▸ YOUR OBJECTIVE: Only the lines below from the one containing "Flowers: petals are" through the one containing "2025年上半年海信自有渠道" belong in the answer, repeated exactly and without pictures.
[[ RECORDS SUPPLIED open ]]
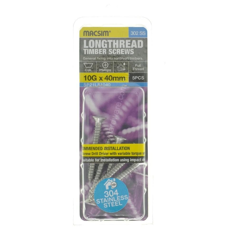MACSIM 10Gx40mm Countersunk LONGTHREAD Timber Screw Stainless Steel SP21LS1040
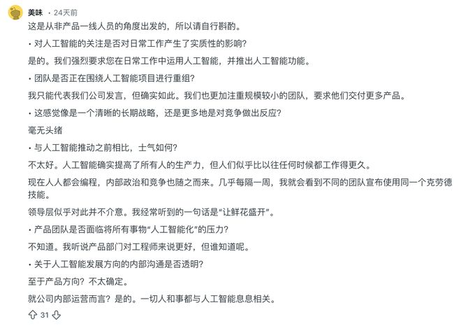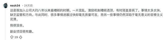 这种快到失控的节奏让很多人根本受不了。一位在公司干了8年的老兵(ID:nesh34)愤怒地表示,现在的公司简直疯了:“这是我加入以来最糟糕的一段时间。纯粹的混乱,糟糕透顶的激励机制,有时简直是疯了。太多东西推得太快,却没有护栏,也没有足够的指导。与此同时,很多东西速度太快却毫无质量,而另一些东西依然卡在毫无意义的官僚主义中。”
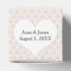 Cœur blanc avec les noms des jeunes mariés sur un motif de cœur rose fardé.
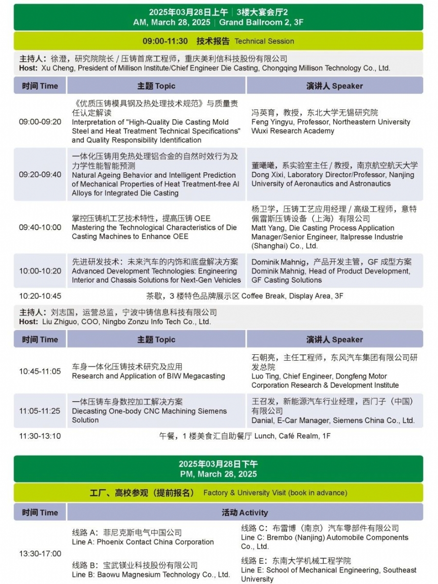 主持人:彭立明,主席,世界鑄造組織壓鑄委員會;教授,上海交通大學 主會場:技術報告
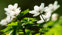 Flowers: petals are white, with a pinkish tinge. Many distinct yellow anthers are visible.
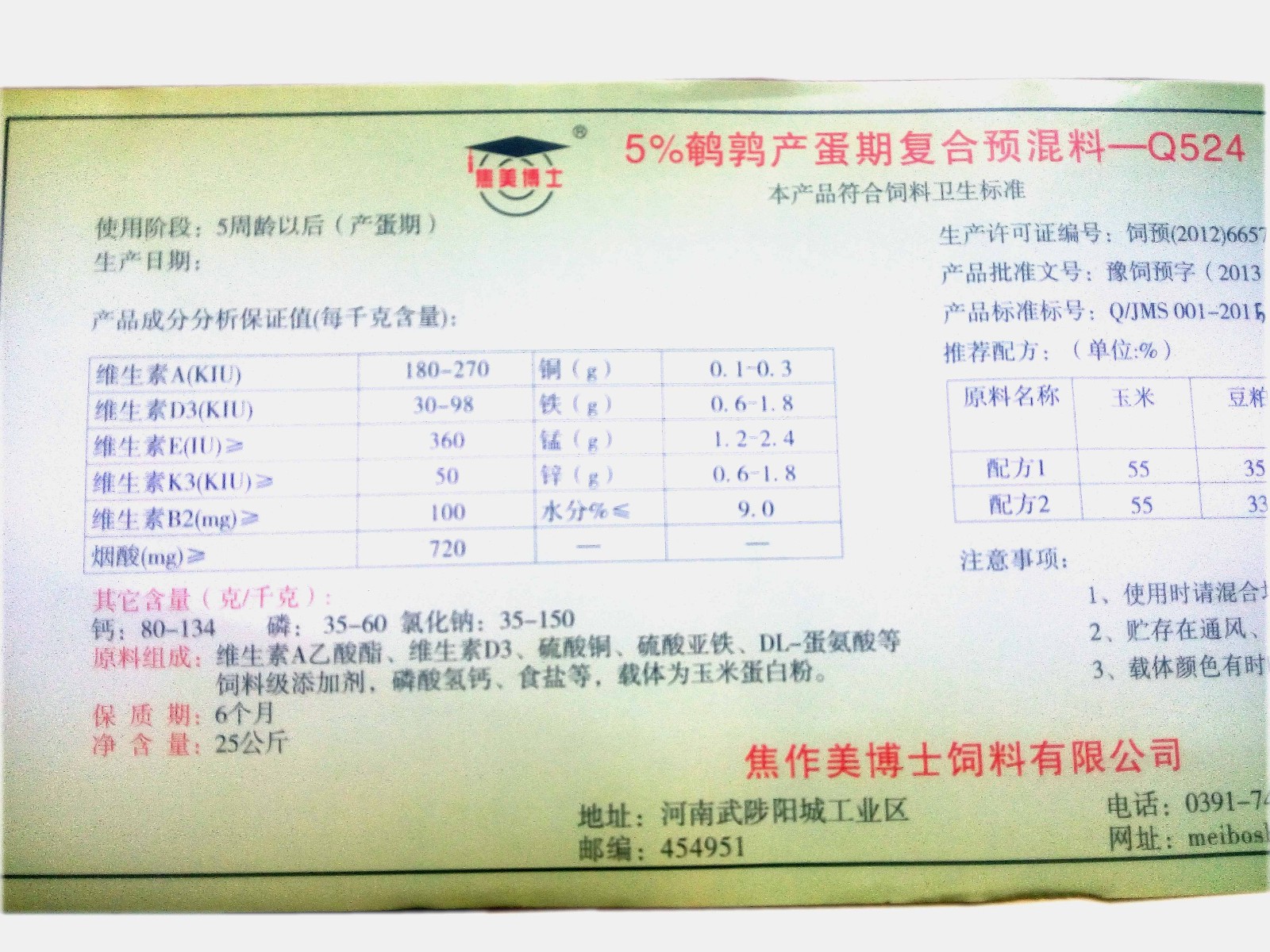 5、Q524鵪鶉專用預(yù)混料中添加貝殼粉、石粉、蛋殼粉等*佳的鈣源飼料,大大提高鈣利用率高。提高了蛋殼的品質(zhì),且耐運(yùn)輸。
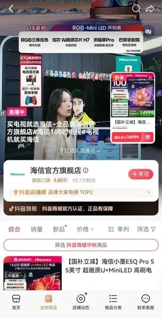 2025年上半年海信自有渠道新开专卖店1821家,专卖店收入同比增长18%;新兴渠道加强内容电商生态共建,实现全域流量整合及高净值人群触达,挖掘存量市场新增长极,其中抖音渠道上半年收入同比增长51%,复购且主动推荐的5A人群资产同比增长82%。
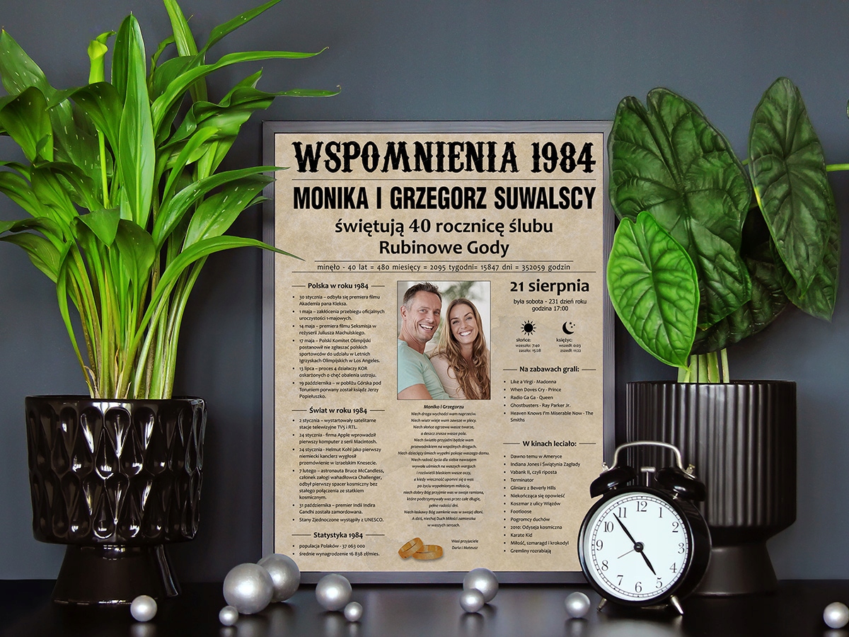 Вы можете рассказать о том, что произошло в этот особенный год, просто и эффективно. Важные события в Польше и мире, музыкальные хиты и популярные фильмы делают плакат интересным путешествием во времени и уникальным сувениром, который, несомненно, вызовет эмоции получателя.
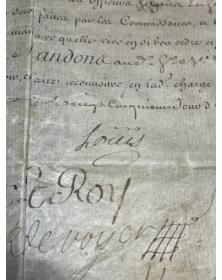 Prix 280,00 €Document autographe exceptionnel de Louis de Bourbon, Comte de Vermandois, fils de Louis XIV et Amiral de France, daté de 1674. Ce manuscrit rare représente l'un des documents les plus anciens de cette collection, fournissant une preuve directe de la signature et de l'autorité d'un prince du sang royal durant le règne du Roi-Soleil. Le Comte de Vermandois était une figure prominente de la noblesse française et du leadership militaire du XVIIe siècle.
[[ RECORDS SUPPLIED closed ]]
▸ ANSWER:
 Flowers: petals are white, with a pinkish tinge. Many distinct yellow anthers are visible.
 5、Q524鵪鶉專用預(yù)混料中添加貝殼粉、石粉、蛋殼粉等*佳的鈣源飼料,大大提高鈣利用率高。提高了蛋殼的品質(zhì),且耐運(yùn)輸。
 2025年上半年海信自有渠道新开专卖店1821家,专卖店收入同比增长18%;新兴渠道加强内容电商生态共建,实现全域流量整合及高净值人群触达,挖掘存量市场新增长极,其中抖音渠道上半年收入同比增长51%,复购且主动推荐的5A人群资产同比增长82%。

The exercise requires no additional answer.